:: Task instructions ::
Please return each of the entries exactly, minus their pictures.

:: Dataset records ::

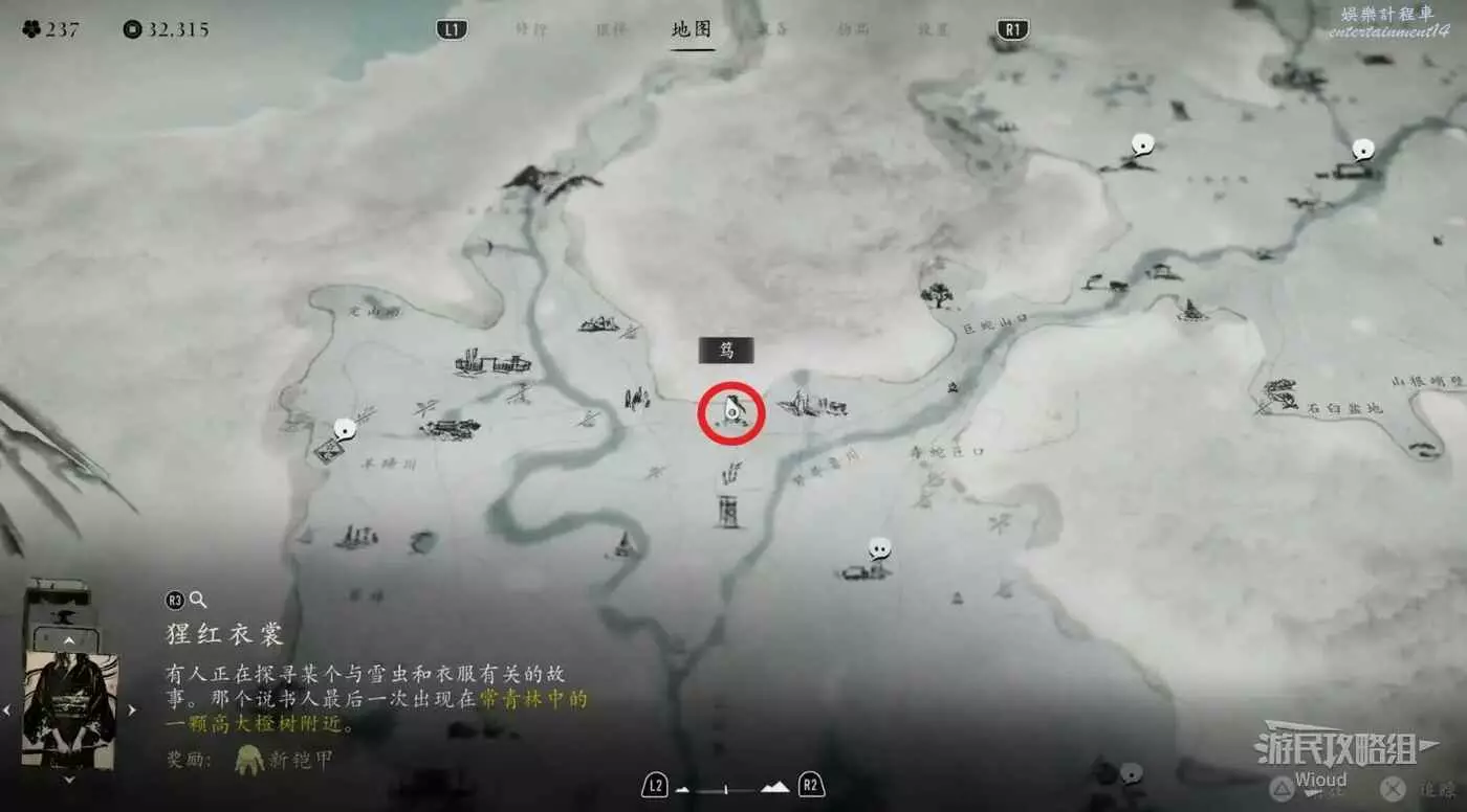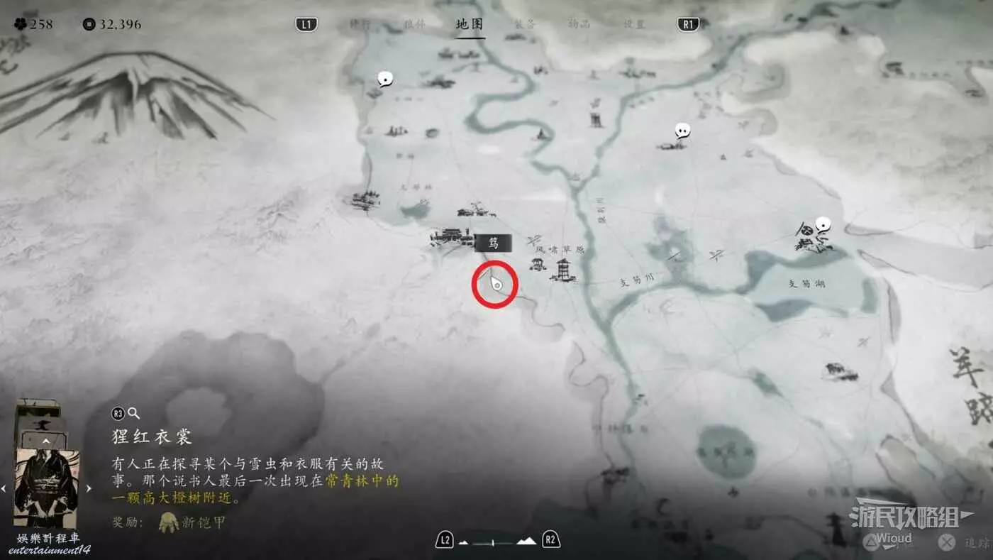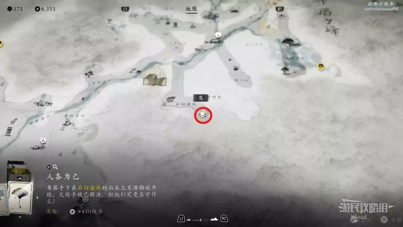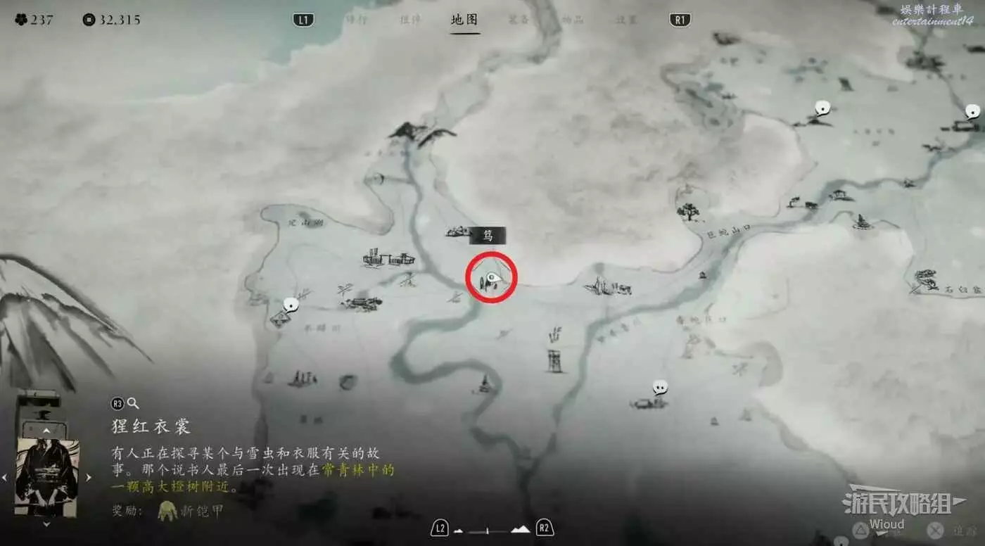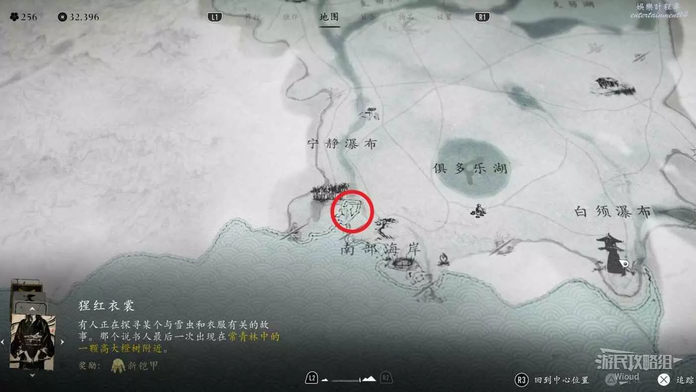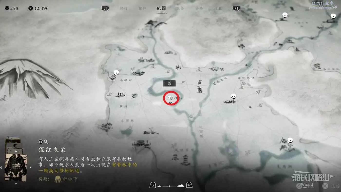敵人就在樹下等著,靠近觸發戰鬥,將其擊敗獲得【武藏之頑抗護身符】。
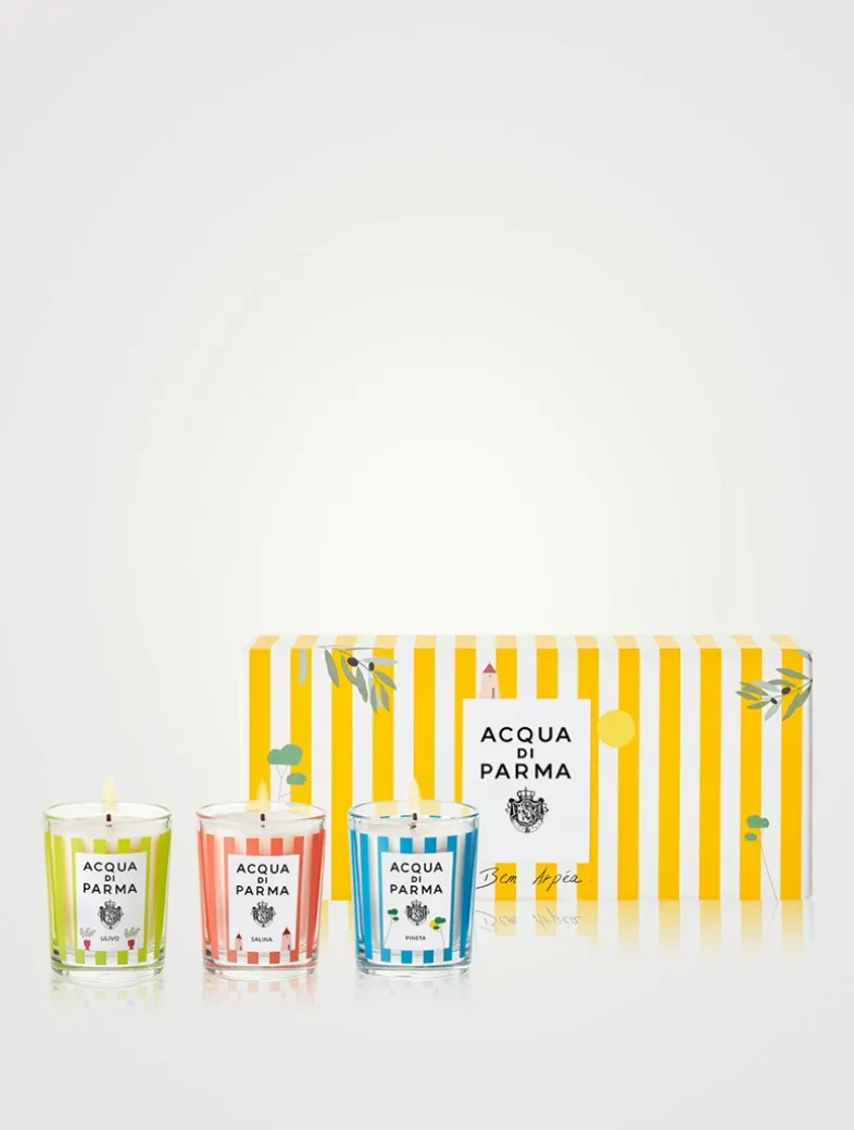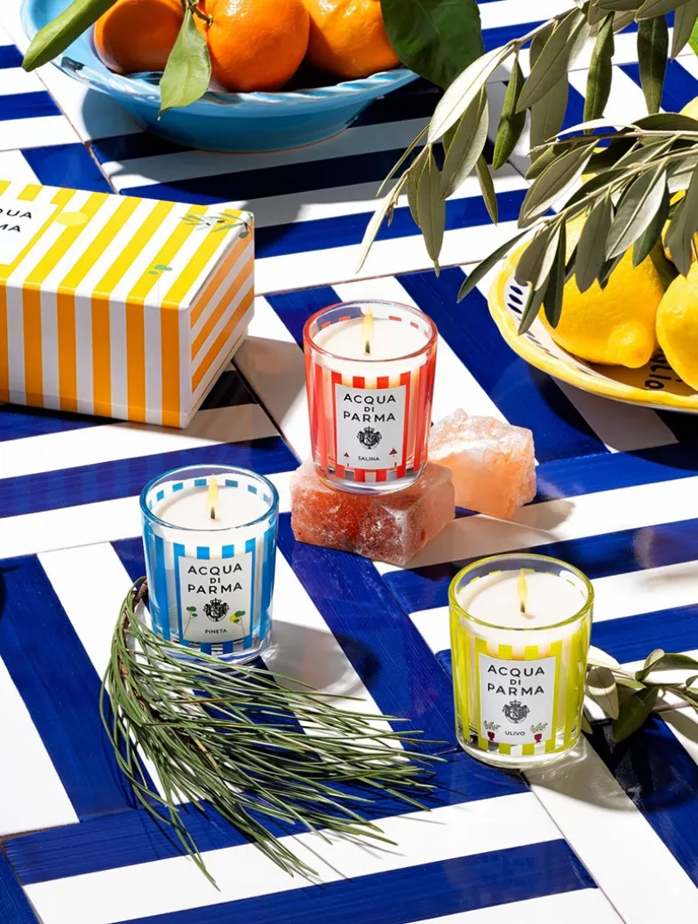 A seasonal exclusive Candle Trio with three summer candles presented in an orange and white stripe box designed by Ben Arpea to celebrate the beauty of Italian landscapes.
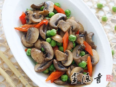 新鲜豌豆粒150克、口蘑150克、彩椒适量
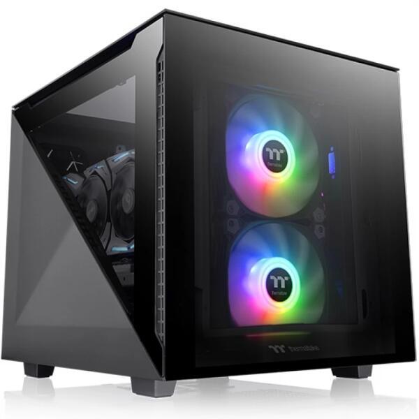 . . Thermaltake Divider 200 TG A Divider 200 TG egy Micro-ATX ház, amely egy előre telepített 200 mm-es első ventilátorral, egy 120 mm-es szabványos hátsó ventilátorral, három tartós 3 mm-es edzett üvegablakkal rendelkezik elöl, felül és a bal oldalon. A Thermaltake egy vadonatúj házszériát tervezett, amely a Divider sorozatban a nyitott keret stílusú elemek és a testreszabha
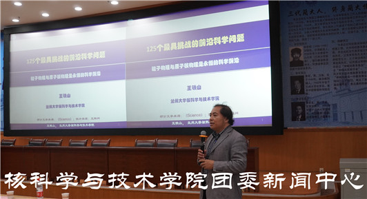 何源研究员以“绿色核能之梦”为题作了精彩报告。他指出,核能是清洁能源,在国家未来的发展中占据重要地位,并详细介绍了核电建设发展的前沿知识。王铁山教授就“最具挑战的125个前沿科学问题”做了整体介绍,并将晦涩难懂的物理知识与现实生活结合起来,形象生动,妙趣横生。

:: Task output ::
敵人就在樹下等著,靠近觸發戰鬥,將其擊敗獲得【武藏之頑抗護身符】。
 A seasonal exclusive Candle Trio with three summer candles presented in an orange and white stripe box designed by Ben Arpea to celebrate the beauty of Italian landscapes.
 新鲜豌豆粒150克、口蘑150克、彩椒适量
 . . Thermaltake Divider 200 TG A Divider 200 TG egy Micro-ATX ház, amely egy előre telepített 200 mm-es első ventilátorral, egy 120 mm-es szabványos hátsó ventilátorral, három tartós 3 mm-es edzett üvegablakkal rendelkezik elöl, felül és a bal oldalon. A Thermaltake egy vadonatúj házszériát tervezett, amely a Divider sorozatban a nyitott keret stílusú elemek és a testreszabha
 何源研究员以“绿色核能之梦”为题作了精彩报告。他指出,核能是清洁能源,在国家未来的发展中占据重要地位,并详细介绍了核电建设发展的前沿知识。王铁山教授就“最具挑战的125个前沿科学问题”做了整体介绍,并将晦涩难懂的物理知识与现实生活结合起来,形象生动,妙趣横生。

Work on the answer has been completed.